__Task item__: The data below should be restated word for word, with every picture omitted.

START Data shown

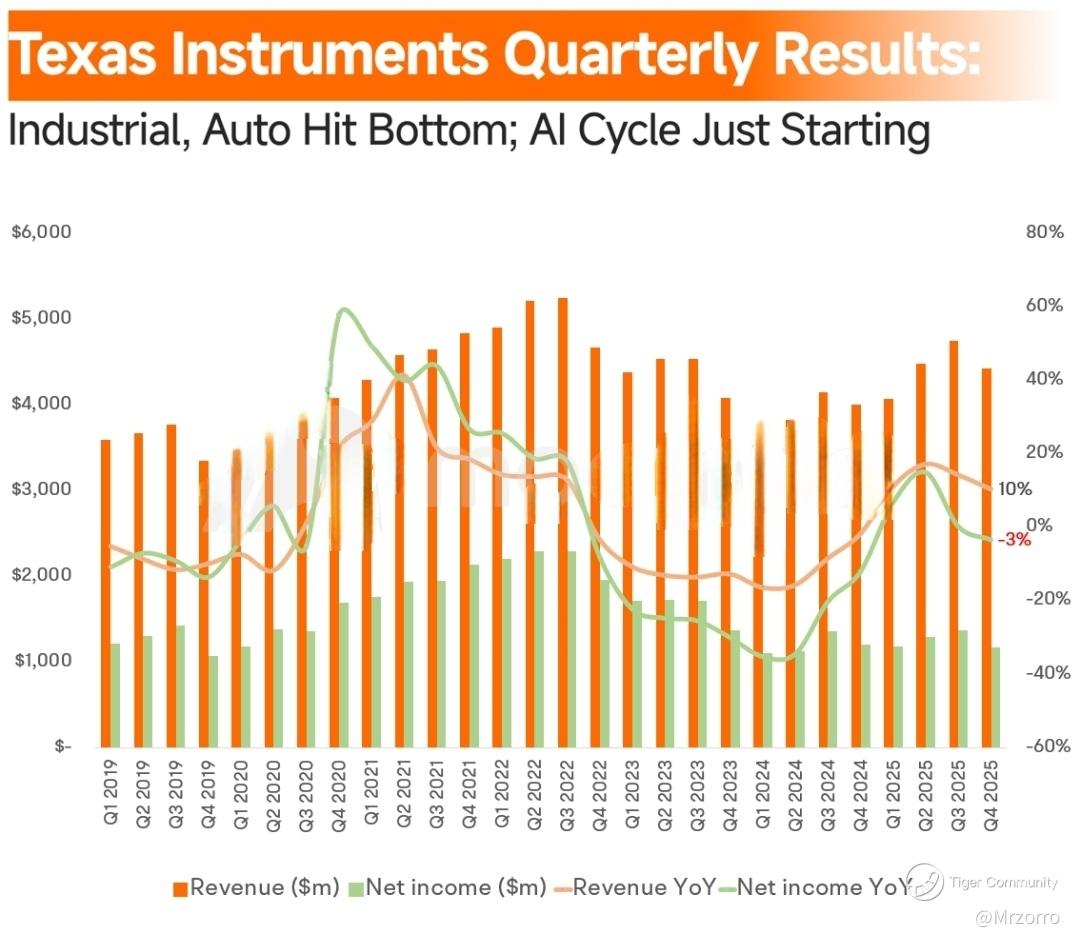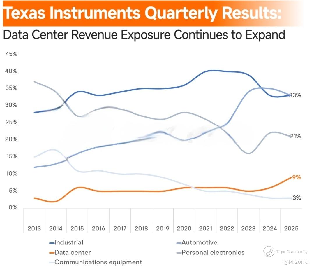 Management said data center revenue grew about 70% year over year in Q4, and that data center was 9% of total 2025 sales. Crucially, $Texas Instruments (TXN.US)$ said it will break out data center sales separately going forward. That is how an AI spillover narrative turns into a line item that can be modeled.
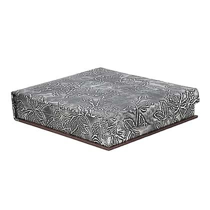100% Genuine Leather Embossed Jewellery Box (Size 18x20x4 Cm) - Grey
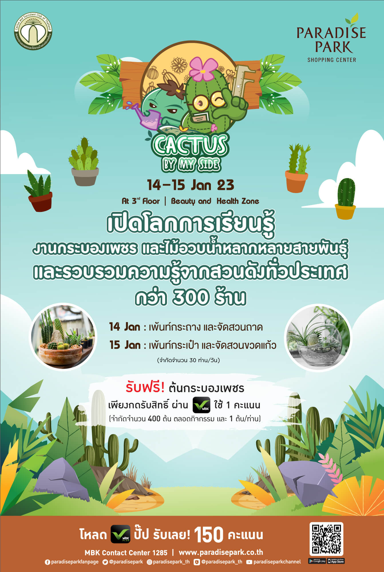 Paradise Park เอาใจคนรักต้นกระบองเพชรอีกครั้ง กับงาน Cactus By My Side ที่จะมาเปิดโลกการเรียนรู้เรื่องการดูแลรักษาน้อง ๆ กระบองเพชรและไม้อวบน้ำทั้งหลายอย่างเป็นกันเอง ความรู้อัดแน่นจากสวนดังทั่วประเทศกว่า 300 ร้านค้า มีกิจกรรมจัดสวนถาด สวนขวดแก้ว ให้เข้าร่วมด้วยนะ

END Data shown

__Result__:
 Management said data center revenue grew about 70% year over year in Q4, and that data center was 9% of total 2025 sales. Crucially, $Texas Instruments (TXN.US)$ said it will break out data center sales separately going forward. That is how an AI spillover narrative turns into a line item that can be modeled.
100% Genuine Leather Embossed Jewellery Box (Size 18x20x4 Cm) - Grey
 Paradise Park เอาใจคนรักต้นกระบองเพชรอีกครั้ง กับงาน Cactus By My Side ที่จะมาเปิดโลกการเรียนรู้เรื่องการดูแลรักษาน้อง ๆ กระบองเพชรและไม้อวบน้ำทั้งหลายอย่างเป็นกันเอง ความรู้อัดแน่นจากสวนดังทั่วประเทศกว่า 300 ร้านค้า มีกิจกรรมจัดสวนถาด สวนขวดแก้ว ให้เข้าร่วมด้วยนะ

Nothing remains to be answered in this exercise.